Our Most Recent Trip to Japan


Conference dinner

October-November 2017

We have been to Japan a number of times over the years and have enjoyed each visit tremendously. Over the next (many) months I plan to start documenting all the various trips and adventures, but for now I will focus on our most recent trip, in October-November 2017.

To start with here’s a brief summary of what we did and where we went. There are a lot of photos, so please scroll through and enjoy.
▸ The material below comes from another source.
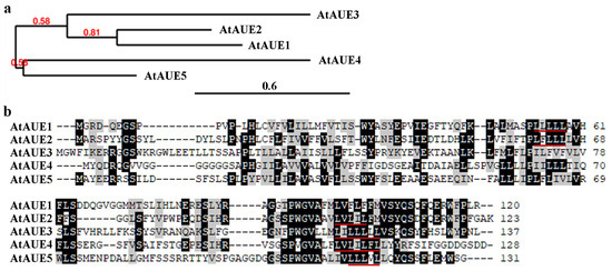 Phylogenetic analysis and amino acid sequence alignment of AtAUEs. (a) Phylogenetic analysis of AtAUEs was conducted using full-length amino acid sequences on the Phylogeny website (www.phylogeny.fr, accessed on 30 June 2024) with default settings in “One Click” mode. Branch support values are shown above the branches. (b) Amino acid sequence alignment of AtAUEs was performed using BioEdit. Identical amino acids are shaded in black, similar amino acids in gray, and LxLxL motifs are indicated by red underlines.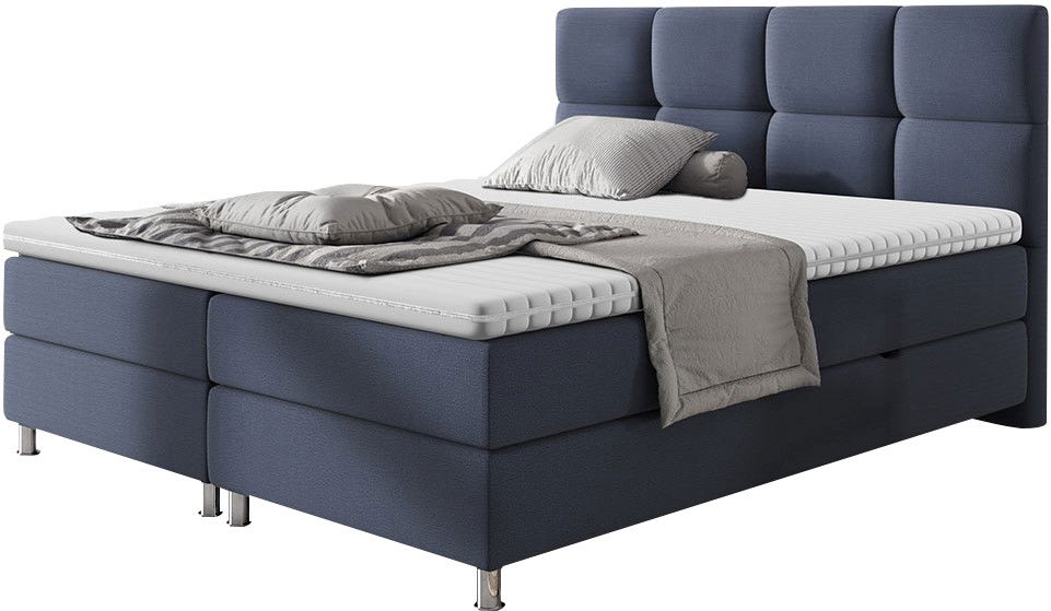 Επενδυμένο κρεβάτι Dave σχεδιασμένο με κυβικό μοτίβο στο προσκέφαλο, θα προσφέρει στο υπνοδωμάτιό σας μοντέρνο ύφος και θα σας χαρίσει στιγμές ανάπαυσης και ξεκούρασης, ενώ ο άφθονος αποθηκευτικός χώρος θα καλύψει όλες τις ανάγκες σας.

First, we went to Nagoya where Rod attended a JRS meeting (Joint Rumen Symposium—with Japan, Korea and China), held at the Centrair Airport—a surprisingly good venue or a scientific meeting. On one of the conference days, a long-time Japanese friend, Kazu Yoshizaki, who teaches at a university n Nagoya, came to take me out for an afternoon. We visited a few of the temples on the 88-temple trail on the Chita Peninsula.


Viv at Temple 88


Viv and Kazu

After the meeting, a good friend Naoki Fukuma (aka Max) guided us around the area north of Nagoya for a few days. We went by train to Takayama, where we visited the Hida Folk Village, stayed at a traditional Japanese Inn, and had great traditional meals.


Rod and Viv on old street in Takayama


Max and Rod—dinner in Takayama


Rod and Max at Hida Folk Village

Max then hired a car to drive us to Kanazawa. On the way we stopped at the mountain town of Shirakawago for a soba lunch and to visit the Gassho Folklore Park.


Observation point in Shirakawago

The drive from Shirakawago to Kanazawa was truly amazing—along what’s called the White Road. A curving mountain road that swoops and dives along forested hills covered in glorious autumn colors and ribboned with more waterfalls than we’ve ever seen in one place!


Stunning scenery

Kanazawa has the famous Kenrokuen Garden and the Kanazawa Castle, which we really enjoyed.


An old fountain in Kenrokuen Garden


One of the huge castle gates at Kanazawa Castle


Rod near one defensive wall with Kanazawa Castle in background


Viv and Yutaka enjoy a glass of Chardonnay at St Coursair Winery

Then Max put us on a shinkansen train to Nagano and he returned to Hokkaido. The next few days in Nagano we were guided by another Japanese scientist, Yutaka Uyeno, who was happy to share the special places around here. The main sight is the Zenkoji Temple, perhaps the most famous in Japan. He also took us to lunch at St. Coursair Winery, which had a surprisingly good Chardonnay. This was followed by a walk up to Naena waterfall, also in hills decked in autumn colors.


Rod and Yutaka at Zenkoji Temple


At Zenkoji Temple


Naena Falls and autumn colors

Yutaka very kindly drove us back to the airport in Nagoya to catch the plane to Hokkaido, where Max met us again.

We spent the next few days in Obihiro with Max, and visited his university there and met his lab.


Max’s office at Obihiro University

He drove us around the surrounding countryside, in the area called Tokachi, the bread basket of Japan. It was fun to see all the different types of crops being harvested, noticeably sugar beets and burdock. One day we could also visit the Sugar Beet Museum in Obihiro.


Harvesting sugar beets in Tokachi


A huge mound of sugar beets

Max also took us to Lake Shikaribetsu, formed long ago by volcanic activity, and to a Hokkaido winery called Tokachi Wine Castle.


Lake Shikaribetsu


Max’s car—he’s just bought hot coffee in tins from a vending machine


Tokachi Wine Castle

A new and different event for us was to attend one of the special horse-racing events there, called Banei Horse Racing. Every meal, every day there was a wonderful feast.


At the Race Track in Obihiro


A special place for soba noodles in Tokachi


Genghis Khan lunch in Tokachi

Lastly we caught a train from Obihiro to Sapporo for the last few days. One day another good friend, Satoshi Koike, and his wife took us to Lake Shikotsu and the Chitose Aquarium, where we learned a lot about salmon. Dinner was at a Yakiniku (roasted meats) restaurant, a first for us.


Satoshi and Chikako at Shikotsu Lake


Rod with bear at Shikotsu Lake Visitor Center


Chitose Aquarium


The lab party begins

On the final day Rod and I gave a presentation to the students in the lab of Satoshi and Dr. Kobayashi, followed by a great lab party.

Then the long trek home! Thanks to all for a wonderful time.